If you wanted to prove your mettle as an entry-level banker or trader it used to be the case that you had to know all about financial modelling in Excel. Not any more. These days it's all about Python, especially on the trading floor.
"Python already replaced Excel," said Matthew Hampson, deputy chief digital officer at Nomura, speaking at last Friday's Quant Conference in London. "You can already walk across the trading floor and see people writing Python code...it will become much more common in the next three to four years."
As Python becomes more prolific, Hampson said banks are able to innovate more quickly. The industry's reputation for fustiness is undeserved, Hampson added: "The concept of rapid innovation has always existed in financial services, but it was done using the Excel spreadsheet. We now have a new vehicle for doing that - Python."
As we reported previously, Hampson runs Nomura's new and growing e-trading strategy team, which was formed in May 2019. The team is tasked with increasing Nomura's fixed income trading revenues by 15% through the integration of artificial intelligence into the bank's systematic market making platform.
Hampson's comments come amid suggestions that Excel is in danger of dying out as sheets can be imported into Python where the computation is much quicker.
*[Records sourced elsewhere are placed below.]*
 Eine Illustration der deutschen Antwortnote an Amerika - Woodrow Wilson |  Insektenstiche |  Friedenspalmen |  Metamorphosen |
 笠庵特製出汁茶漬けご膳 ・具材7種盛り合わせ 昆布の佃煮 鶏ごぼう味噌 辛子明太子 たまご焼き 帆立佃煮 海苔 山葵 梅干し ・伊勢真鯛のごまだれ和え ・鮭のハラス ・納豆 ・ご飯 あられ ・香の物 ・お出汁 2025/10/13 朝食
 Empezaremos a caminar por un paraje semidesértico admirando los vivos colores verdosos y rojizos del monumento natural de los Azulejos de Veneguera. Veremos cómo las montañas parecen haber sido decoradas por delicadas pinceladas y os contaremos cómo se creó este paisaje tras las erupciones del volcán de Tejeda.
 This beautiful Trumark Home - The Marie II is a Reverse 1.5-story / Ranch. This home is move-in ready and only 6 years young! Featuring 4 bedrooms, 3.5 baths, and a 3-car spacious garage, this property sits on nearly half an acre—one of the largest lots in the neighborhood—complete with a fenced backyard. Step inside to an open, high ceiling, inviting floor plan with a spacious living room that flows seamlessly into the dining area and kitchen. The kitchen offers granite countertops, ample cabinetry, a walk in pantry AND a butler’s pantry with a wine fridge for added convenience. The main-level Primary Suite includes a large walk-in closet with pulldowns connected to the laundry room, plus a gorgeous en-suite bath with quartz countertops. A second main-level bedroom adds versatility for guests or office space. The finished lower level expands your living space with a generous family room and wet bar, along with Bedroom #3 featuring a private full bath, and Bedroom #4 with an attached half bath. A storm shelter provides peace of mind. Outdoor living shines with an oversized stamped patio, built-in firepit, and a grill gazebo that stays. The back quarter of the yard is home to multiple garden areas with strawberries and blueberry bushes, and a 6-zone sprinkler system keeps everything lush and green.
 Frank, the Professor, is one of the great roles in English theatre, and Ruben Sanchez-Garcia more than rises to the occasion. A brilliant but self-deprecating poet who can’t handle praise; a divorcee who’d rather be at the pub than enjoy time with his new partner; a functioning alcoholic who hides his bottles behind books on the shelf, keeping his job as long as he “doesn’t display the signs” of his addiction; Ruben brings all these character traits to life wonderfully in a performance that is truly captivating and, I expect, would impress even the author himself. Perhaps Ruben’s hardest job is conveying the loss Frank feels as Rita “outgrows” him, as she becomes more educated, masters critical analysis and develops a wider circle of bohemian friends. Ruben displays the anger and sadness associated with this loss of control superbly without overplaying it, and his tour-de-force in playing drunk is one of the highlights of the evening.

"I can run an Excel model with a several hundred interlocking formulas and a data table that has 50,000 rows and 100 columns and it takes 15 min to update," said one contributor to Wall Street Oasis last month. "Or, I can run a Python based model with thousands of interlocking corelation points and an underlying data structure that has 10,000,000 rows and 1,000 data attributes. Not to mention I can write scripts to infer missing data points. All of this can be done in about a second."
As Python takes hold, Hampson said the profile of people working on trading floors is changing. "The trading floor of the future will still have humans, but those humans will be different to the people you have today." Future traders will have hybrid skills covering finance, quantitative knowledge and the ability to automate processes and extract data, said Hampson. Today's top traders already have, "much more universal skillsets - they understand data, they understand finance, they understand how to code. That brings an agility that you didn't see until about five years ago."
Bloomberg reported last week that JPMorgan is arming members of Hans Buehler's 180-strong 'Analytics, Automation & Optimization' team with trading licenses as the quants break into trading. Hampson would approve: he concluded that the future is all about innovation and "breaking down the boundaries" between departments in large scale banks. Python is facilitating that.